I have set the hive metastore in mySql and same can be accessed through hive and create database and tables. If I try to access hive table through spark-shell then able to get the tables info correctly by getting from mysql hive metastore.
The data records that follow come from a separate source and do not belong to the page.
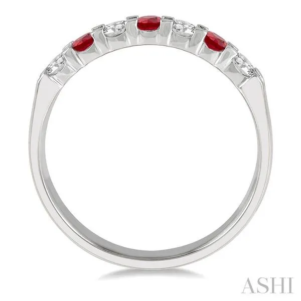 (319) 752-31963 MM Ruby and 3/8 Ctw Round Cut Diamond Precious Wedding Band in 14K White Gold
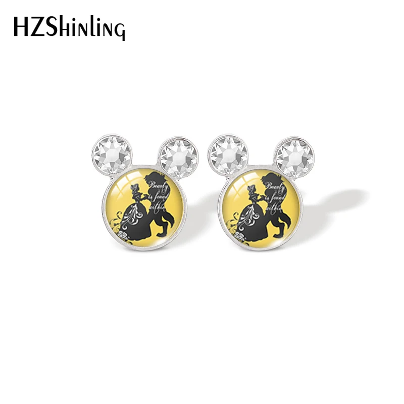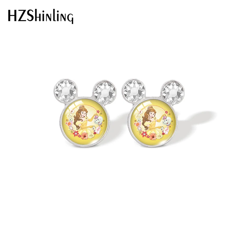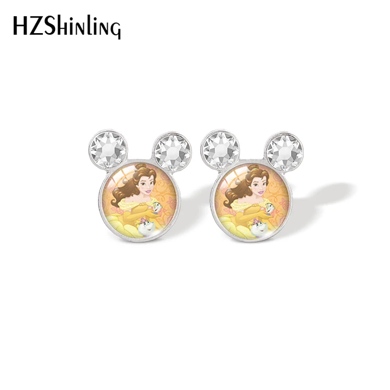 Серьги-гвоздики в виде колокольчика и принцессы из мультфильма Красавица и Чудовище
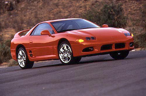 MATT - The new 3000 GT is technically about as far from its ancient Mitsubishi ancestors as it can get, Dad, especially the VR-4 version we're reviewing this week. It's as meek and mild as a Samurai warrior in full regalia and as anemic as a Sumo wrestler. Last year it lost its pop-up headlights to a set of projector-beam exposed head lamps that give the car an even more aggressive posture. It has a spoiler on its tail that's high enough to use as a clothes line, and its 18-inch chrome-plated wheels make it look like its poised to make a drag strip launch even when its standing still. Over the past couple of years, sports cars have become a dying breed, but Mitsubishi has hung in there with its performance coupes. And with the upcomimg departure of the other Japanese muscle cars, the field is narrowing even more.
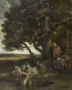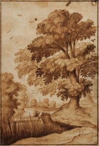 An Extensive Landscape With Peasants Conversing By A Deadtree
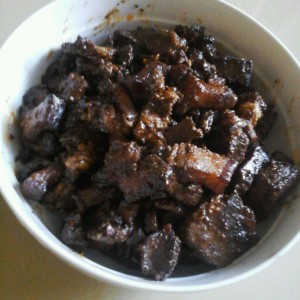 剩少许油放冰糖炒上色。在放入五花肉。把备好的调料,老抽,生抽,酱豆腐一起放入。
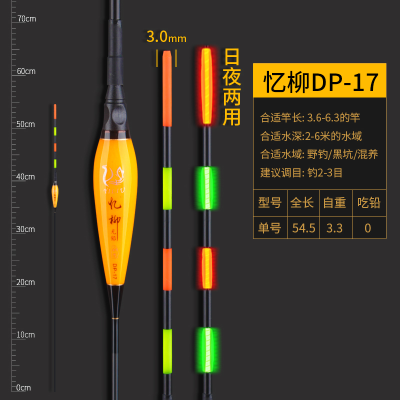 Day and night dual-use run lead drift anti-water fly lead self-standing large object float Luminous super long fish float Anti-water rogue drift
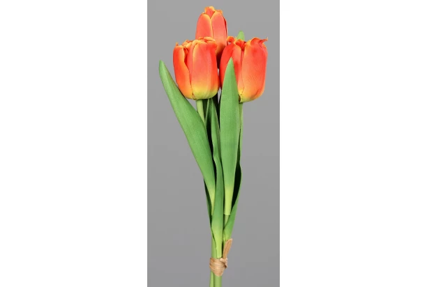 Krásný umělý svazek tří oranžových tulipánů je ideální jako dekorace pro váš domov. Každý tulipán je vyroben z plastu, který věrně napodobuje živou květinu. Elegantní svazek o délce 30 cm je vhodný pro aranžování v různých typech váz. Díky své realistické podobě tato umělá kytka vnese do vašeho prostoru příjemnou jarní atmosféru bez nutnosti péče.
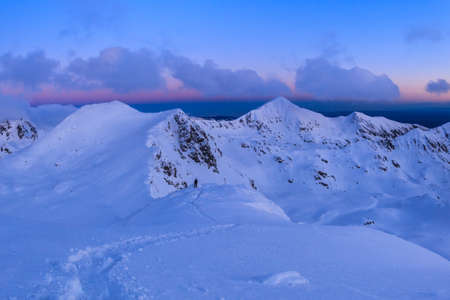 Beautiful winter mountain views during a snowshoe hike along the red ridge trail around Kosarisko Peak in the Low Tatras, Slovakia - silhouettes of tourists on trail
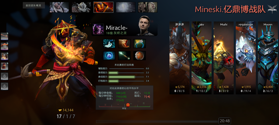 其余四场外战中,Pain以二比零的比分击败Navi,多少出乎了我们的预料。而在具体的比赛中,hFn的露娜则给观众留下了非常深刻的印象。首局比赛,前期经济全方位落后,就是靠着这手露娜,Pain才在正面获得了喘息的机会。16分钟的肉山团战,在亚巴顿阵亡的情况下,露娜配合SK的控制打满输出,将水人、大鱼人和火女悉数击杀。之后的残局,虽然不朽盾被Dendi拿到,但买活的火女则再次被露娜击杀。第二局,hFn的露娜在结束的时候达成了9-0-11的恐怖数据。看来打Navi这样节奏散漫的队伍,露娜确实是一个不讲道理的英雄。
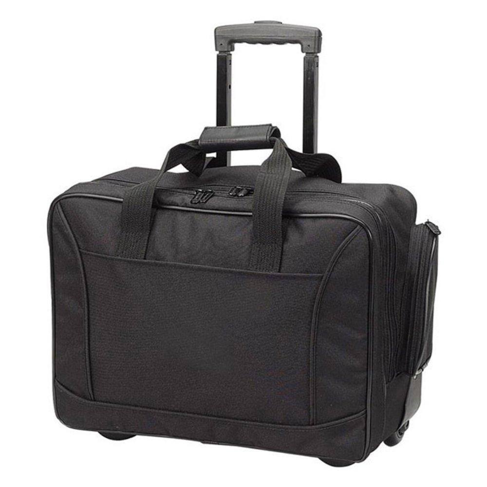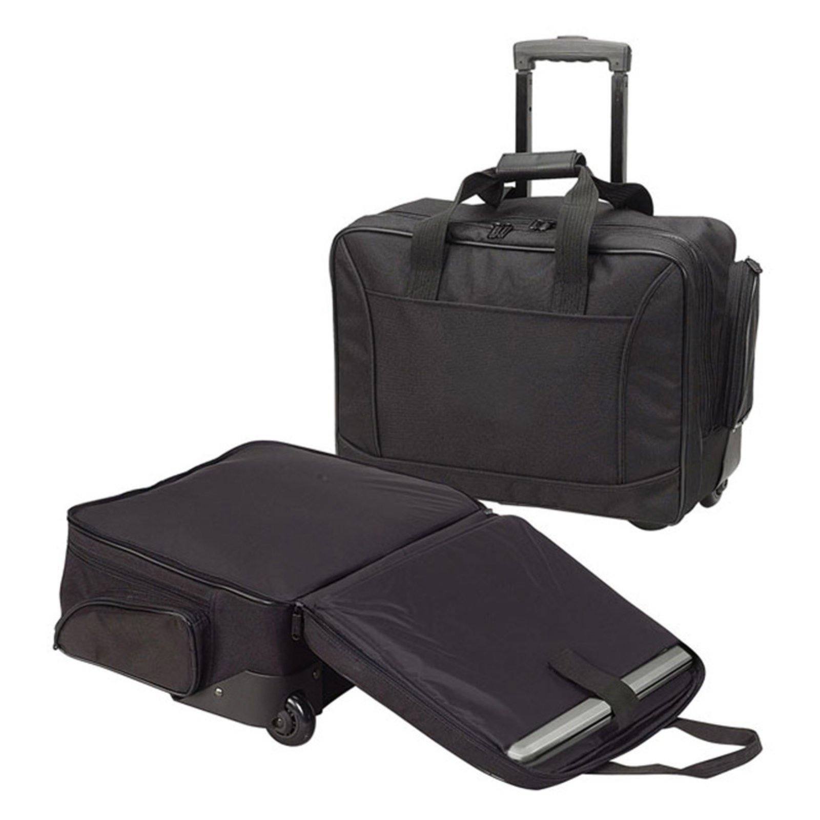 A modern mix of 600d polyester and jacquard, this tsa approved computer briefhelps you pass through airport security in smart, stylish fashion, allowing aclear scan of your laptop while still in your bag! No need to remove yourlaptop. Simply unzip the computer portion of the bag and lay it flat on thescreening belt. Other features include a spacious main compartment completewith file folio. A divider with a zip pocket & a lot of pockets for businessaccessories, cards & pens. Twin side zip pockets for accessories, and dualfabric-wrapped carry handles. A pull out handle and inline skate wheels ensureyou have a smooth commute.

But it is not fetching from Mysql if execute from eclipse.
Welcome to
____ __
/ __/__ ___ _____/ /__
_\ \/ _ \/ _ `/ __/ '_/
/___/ .__/\_,_/_/ /_/\_\ version 2.0.0
/_/
Using Scala version 2.11.8 (OpenJDK 64-Bit Server VM, Java 1.8.0_151)
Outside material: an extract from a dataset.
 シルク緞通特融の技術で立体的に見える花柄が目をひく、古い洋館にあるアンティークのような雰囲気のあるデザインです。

Type in expressions to have them evaluated.
Type :help for more information.
scala> val sqlContext = new org.apache.spark.sql.hive.HiveContext(sc)
warning: there was one deprecation warning; re-run with -deprecation for details
sqlContext: org.apache.spark.sql.hive.HiveContext = org.apache.spark.sql.hive.HiveContext#2b9e69fb
scala> sqlContext.sql("show databases");
res0: org.apache.spark.sql.DataFrame = [databaseName: string]
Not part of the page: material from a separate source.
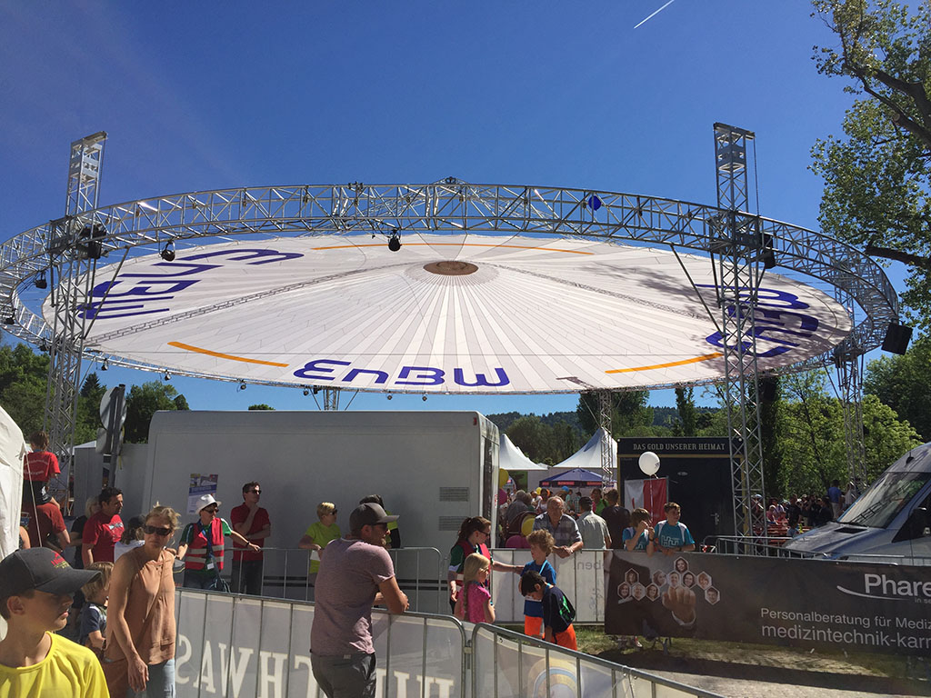 Individuelle Promotion für EnBW durch Branding der Überdachungsmembran. (Bild: Magic Sky)

But if I try to access through eclipse, then it is not point to MySql. Instead of that it is Derby. Please find the below log and hive-site.xml for an idea.
Note: hive-site.xml is same in hive/conf and spark/conf paths.
Spark code that is executing from eclipse:
package events
import org.apache.spark.{SparkContext, SparkConf}
import org.apache.spark.sql.SQLContext
import org.apache.spark.sql
object DataContent {
def main(args:Array[String])
{
val conf = new SparkConf()
conf.setAppName("Word Count2").setMaster("local")
val sc = new SparkContext(conf)
println("Hello to Spark World")
val sqlContext = new org.apache.spark.sql.hive.HiveContext(sc)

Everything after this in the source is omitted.